On October 13, 1972, Nando Parrado was a twenty-two year old rugby player with the Old Christians from Montevideo, Uruguay. The team was en route to Santiago Chile for an annual match against a rival team. As their Fairchild 227 flew north through the Andes following a navigational error by the plane’s pilots, it clipped the top of a mountain peak as the crew struggled to force the aircraft to climb over the deadly terrain. The initial crash killed several passengers and by the time the survivors were rescued in December, 1972, only sixteen remained. Their story was told by author Piers Paul Read in the 1974 book Alive and a film of the same title was released in 1993, starring Ethan Hawke and John Malkovich. In 2010, the History Channel released a documentary called I Am Alive: Surviving the Andes Plane Crash. In the documentary, Parrado is main narrator sitting in front the camera as viewers relive the nightmare. The film, book and documentary are accurate portrayals of the events that took place but are told by others who are relaying the stories of the survivors. This is Nando Parrado’s story and the will to survive that led him and co-survivor Roberto Canessa to walk for ten days in the hope of finding another human being and help for the other passengers left behind.
In the film Alive, Parrado is played by Ethan Hawke and despite the lack of Uruguayan Spanish in the film, Hawke provides a convincing portrayal. However for all of the Hollywood’s special effects and production etiquette, the film still fails to fully convey the nightmare that was their ordeal. Perhaps producers did not have enough time or felt that audiences would have revolted at all of the details. What is clear from Parrado’s account is that the horror that existed on the mountain slope was more than anyone could have imagined. Brutal, tragic and even macabre, it is a story that no filmmaker could write, such events happen by circumstance, albeit tragic. The survivors of the crash would never be the same again and according to Nando, a couple of them struggled later in life. But their story continues to amaze and inspire and is a prime example of the tenacity of the human will to live.
The beauty of this book is that these are Nando’s words as told by him. And what we see is a young man who through fate, rises to the occasion through sheer determination to live or in the alternative meet his death while trying. I have been to Montevideo and Punta Del Este, two important cities both in Uruguay today and in Parrado’s story. I have also been to Argentina and what I found interesting was the rugby aspect of his account. Football is without question the national sport throughout Latin America.
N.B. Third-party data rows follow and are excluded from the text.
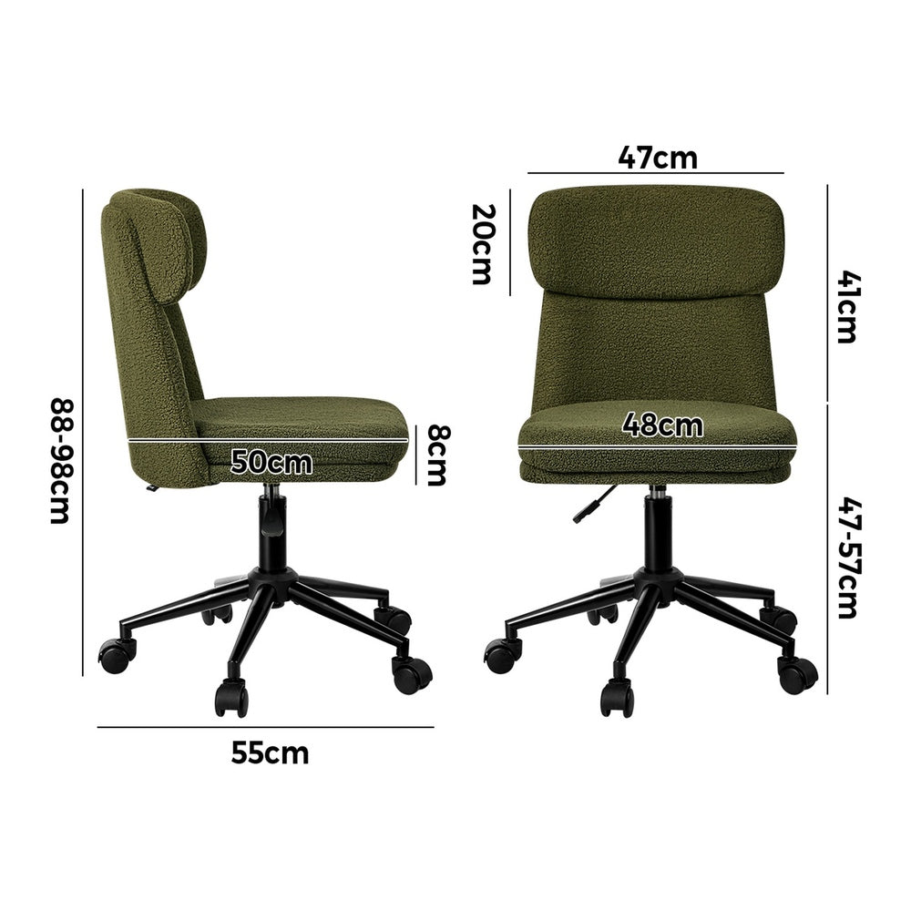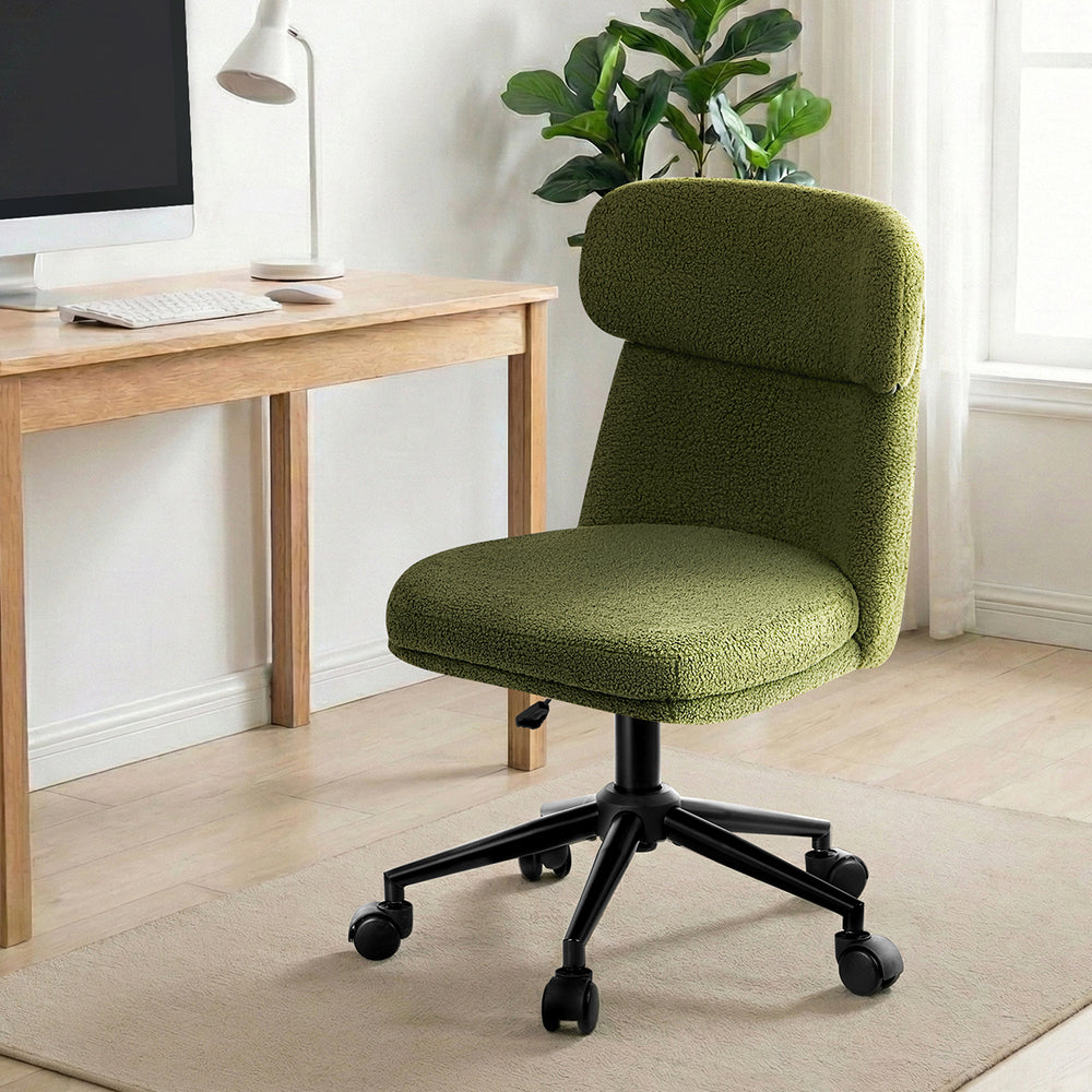 Upholstered in cosy Sherpa fabric for both the seat and backrest, the office chair exudes supreme comfort with style. Plus, the armless design allows the office chair to adapt to various spatial layouts, and it can be fully tucked under the desk to save more floor space.
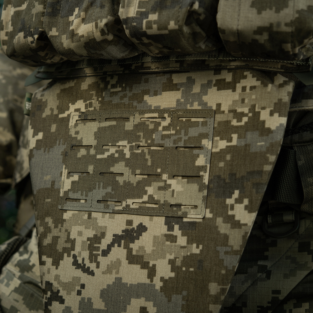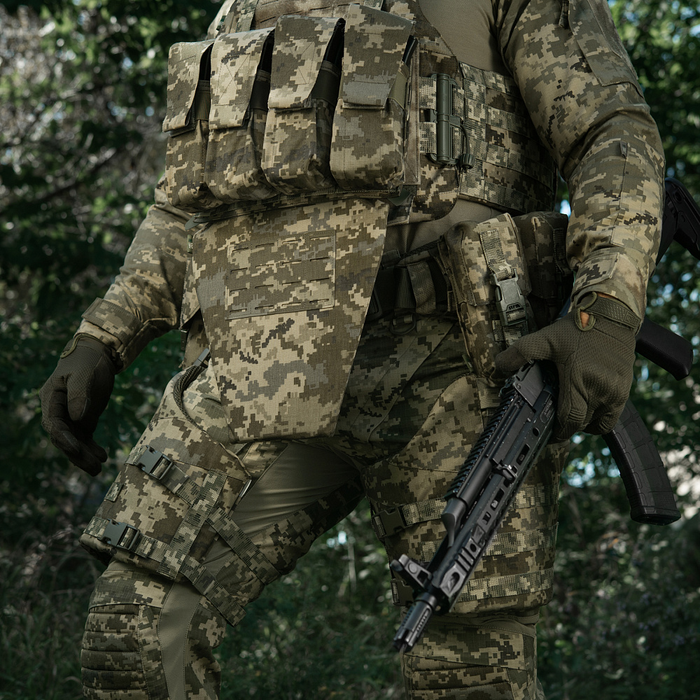 Изготовлен из Cordura 500D - сверхпрочного материала, устойчивого к истиранию и высоким нагрузкам. С обеих сторон фартука предусмотрен MOLLE интерфейс, выполненный по технологии Laser Cut. Комплектуется баллистическим пакетом 2-го класса от украинского производителя профессиональной бронезащиты BRONYX.
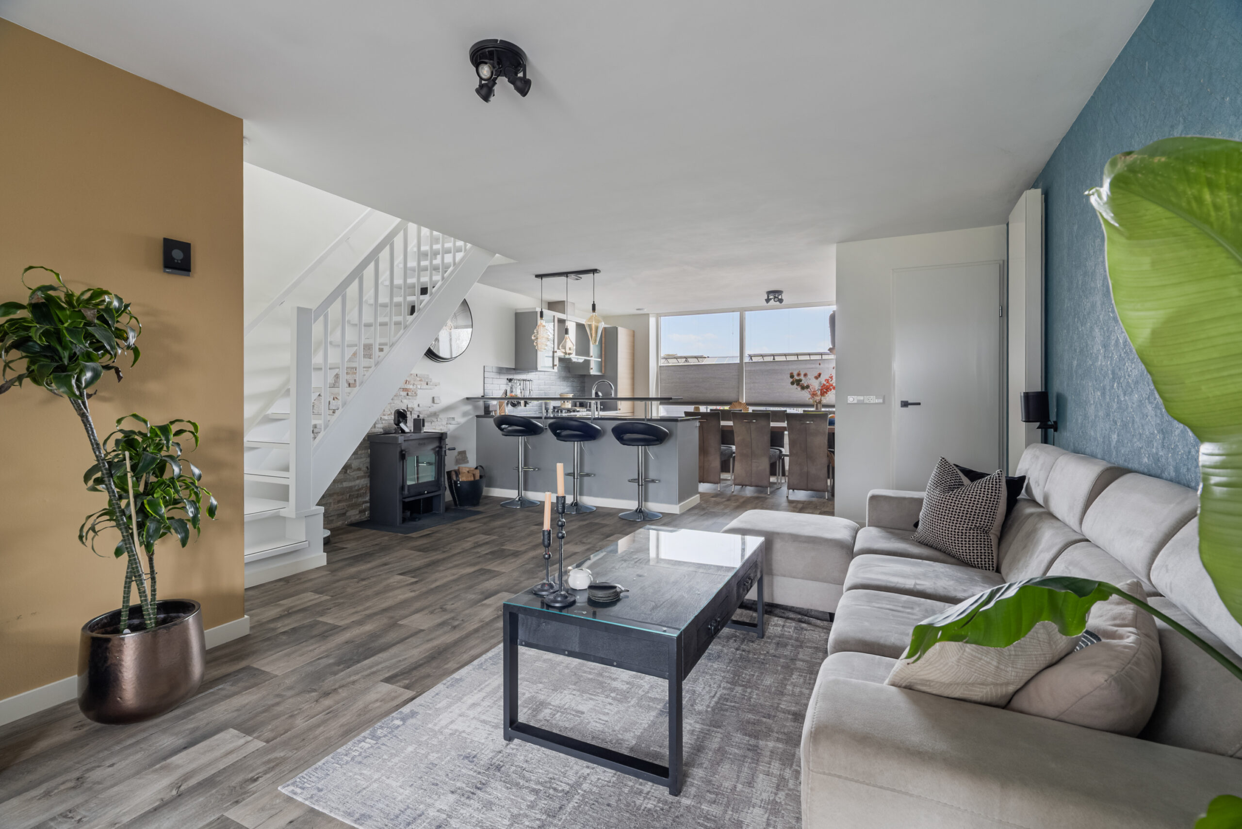 Entree/gang met meterkast, royale living opgedeeld in een open keuken aan de voorzijde. De keuken is op een praktische manier ingericht en optisch gescheiden van de woonkamer met een verhoogd aanrechtblad. Keuken is circa 8 jaar oud, de Quooker en koelkast/vriezer zijn 2 jaar oud. Een goed functionerende houtkachel zorgt letterlijk voor warmte en natuurlijk ook voor de gezelligheid. Grote zithoek aan de achterzijde, met schuifpui naar de achtertuin. De tuin is mooi aangelegd en is op het zonnige westen gesitueerd. Ruim toilet met fonteintje. Grote inloop-/bergkast. Open trap naar de slaapverdieping.
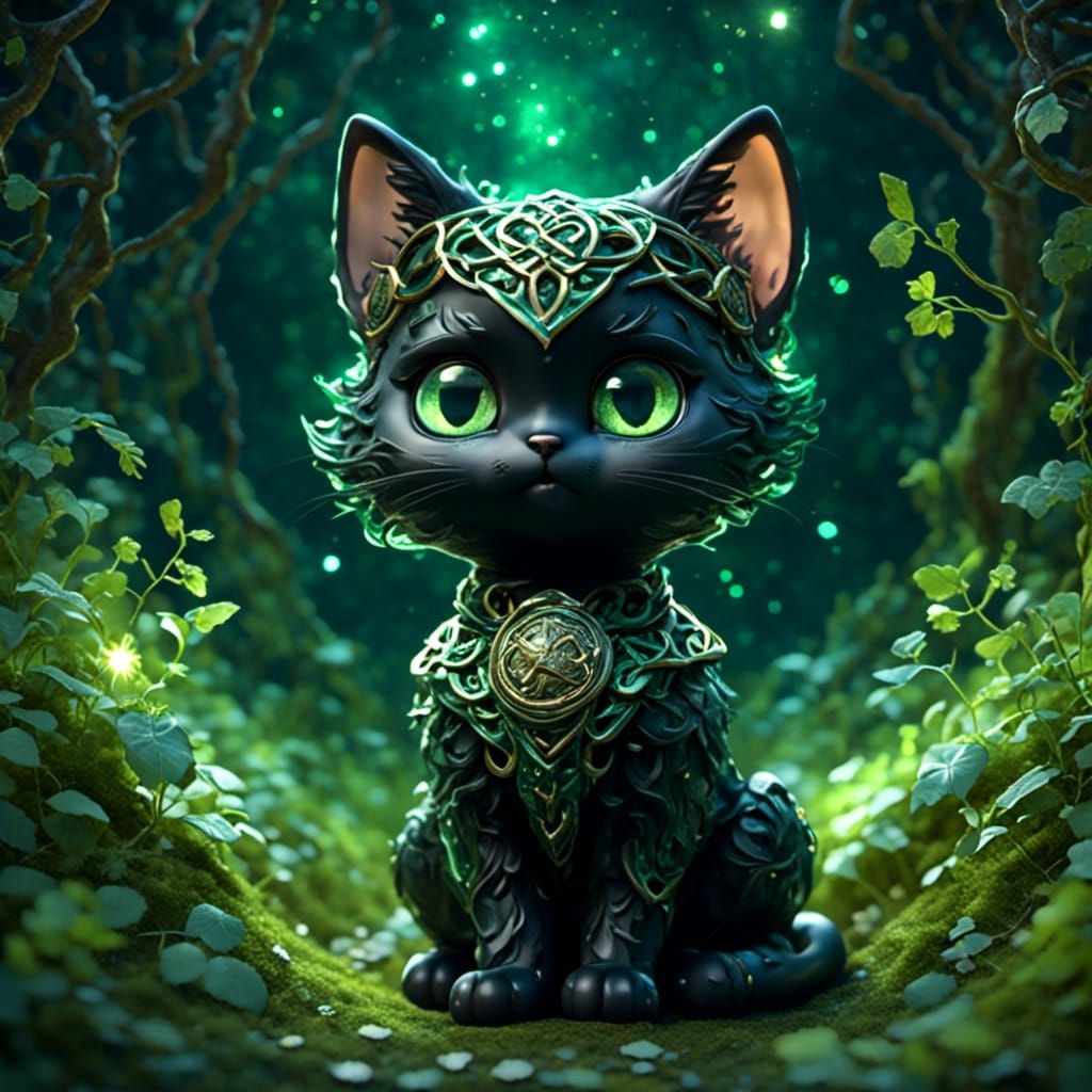 <lora:Adorable 3D Real:1.0> <lora:Fallen Angel:1.0> adorable black chibi cat as celtic Goddess, dark starry night, gorgeous eyes, in green grassy forest and cosmic sky in background, soft lighting, sharp focus, by Marc Simonetti & Yoji Shinkawa & WLOP, 3-D studio photo, intricate details, highly detailed ...
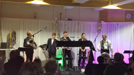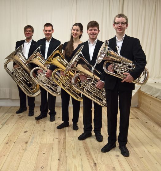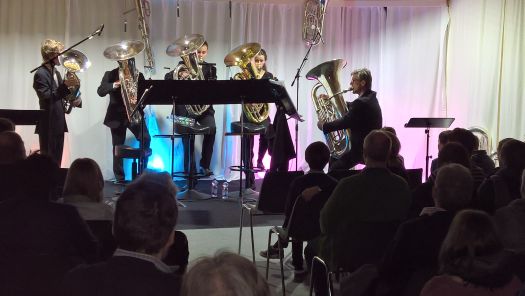 Jeder der das Wort Kammermusik hört, weiß gleich welche Musikrichtung gespielt und welche Instrumente eingesetzt werden: in der Regel klassische Musik und Streichinstrumente oder Klaviere. Doch Kammermusik mit Tuba? Geht denn das? Und ob, sagten sich Claus-Peter Wittmann und vier seiner Musikschüler und er begeisterte am Samstagabend in seinem privaten Konzertraum an der Hofmarkstraße die große Gästeschar.

But as we learn from Nando, Christian missionaries who traveled to Uruguay from Ireland insisted that the students at Stella Maris learn the United Kingdom pastime of rugby. And it was this game that served as the basis for their fatal flight. As their situation unfolds, the teachings and team spirit kicks in as they lean on each other in the struggle for survival.
The accusations of cannibalism that they faced is addressed by Parrado and he explains how and why they reached the decision to consume the only food they had left; the deceased. I cannot imagine what it was like mentally for them to even consider such an act let alone execute it. But in desperate times, we often rely on desperate measures. Readers will assuredly be divided on the issue but what we can all agree on is that had we been in that situation, we honestly do not know what we would have done until we were left with no other choices.
Although this is Parrado’s story, we also learn a great deal about the other players whom he becomes closer to as the ordeal goes on. By the end of the book, it is obvious that he and Canessa have become extremely close and are still friends to this day. They are bonded by their love of rugby and their shared experience on an isolated mountain in the Andes. The other survivors all play a role in the story and Parrado does not neglect their contributions and importance. I believe it is imperative to remember that many of the players were under twenty-five years of age. In fact, Carlos Páez Rodríguez turned nineteen as they face possible death. At that age, I could have never fathomed being in such a situation and the courage, tenacity and creativity displayed by the survivors is incredible.
I enjoyed this book so much that I read it one sitting while home on a dreary Saturday afternoon. But as I looked outside my window, I reminded myself that no matter how bad the weather is, it does compare to what Parrado, Canessa and the other survivors were forced to endure. The book is called Miracle in the Andes for good reason, it truly was a miracle that anyone made it off that mountain alive. Today at the age of sixty-eight, I am sure Nando Parrado remembers everything as if it happened yesterday. And until the day they leave here, Parrado, Canessa, Páez and the others will always look back at the time they came face to face with death in the Andes mountains. Now a husband and father of two adult daughters, Parrado is still a revered figure, known as an Andes survivor. A former race car driver who raced in Europe, he is long retired from the sport but his passion for all things in life is contagious and it is easy to see why he refused to give up his fight to live. This truly is a miraculous story and a great read.